“Programs that promote a product or service outside of their own program can interfere with your computing experience,” said Michael Johnson, from the Microsoft Malware Protection Center (MMPC), in a blog. “We understand advertising is part of the modern computing experience…[however], you should have clear choice and control when installing programs that open advertisements.”
Going forward, advertisements that are opened by programs must include an obvious way to close the ad, and must include the name of the program that created the ad. Programs that are serving advertising, meanwhile, will have to provide a standard uninstall method for the program using the same name as shown in the ads it produces.
Programs that don’t follow the rules will be detected as adware and immediately removed from the user’s machine.
Microsoft is also changing the criteria it uses to classify a program as adware. “We only consider classifying a program as adware if it runs on the user’s machine and produces notifications promoting goods or services in programs other than itself,” explained Johnson. “If the program shows advertisements within its own borders it will not be assessed any further.”
Also, many applications use advertising as a form of payment for the program, and that is also an acceptable practice in Microsoft’s eyes. “We are more concerned with the advertising that interferes with our customer’s Windows experience without giving them choice and control over it,” he said.

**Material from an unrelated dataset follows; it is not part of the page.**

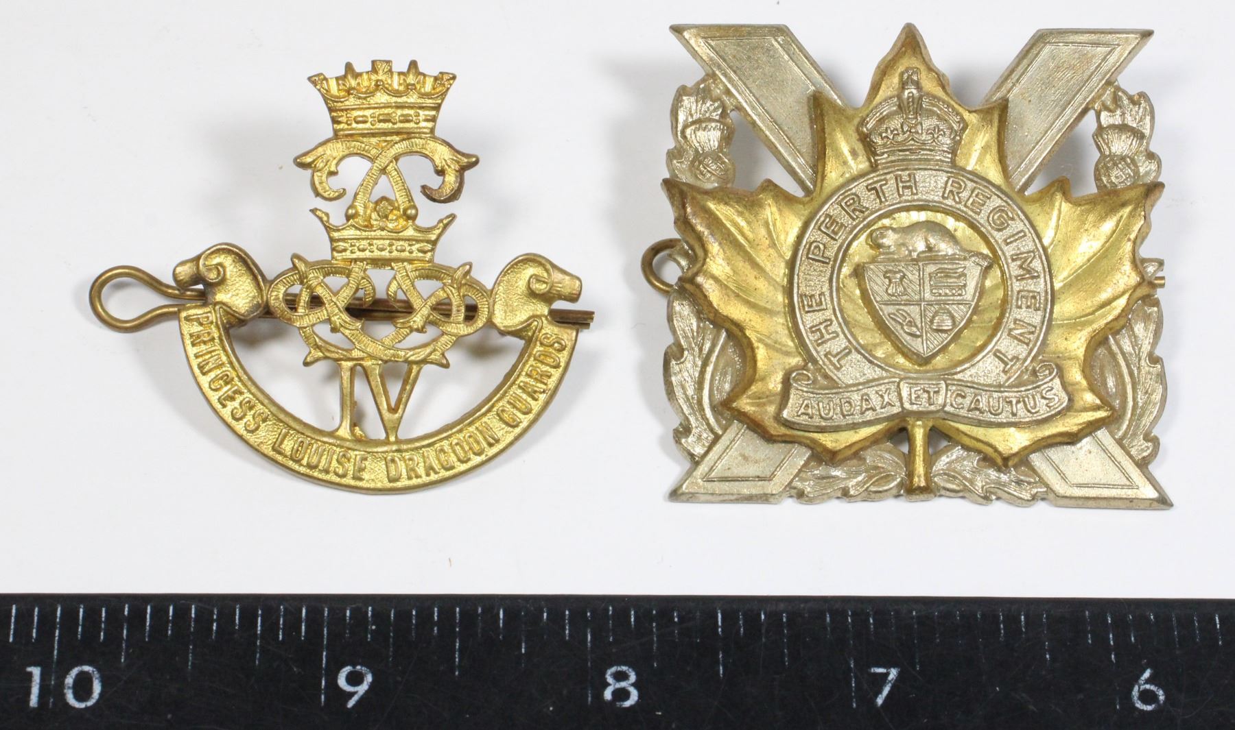 Lot 156 #156 Pair WW2 Canadian Cap Badge Perth Regiment

Once something is classified as adware by a Microsoft security product, it will immediately stop the program and the user will be notified. The user then has the ability to restore the program, if they wish. That’s a change from the existing remediation policy, which is less proactive: for now, when a security product detects a program as adware, it will alert the user and offer them a recommended action. If they don’t respond, the security product will let the program run until the user makes a decision.
Changes to the criteria for classifying adware will come into effect on July 1, 2014. This gives developers three months to comply with the new rules. Meanwhile, Microsoft has already started reassessing its current adware detections against the new criteria.
“We are very excited by all of these changes. We believe that it will make it easy for software developers to utilise advertising while at the same time empowering users to control their experience,” Johnson said.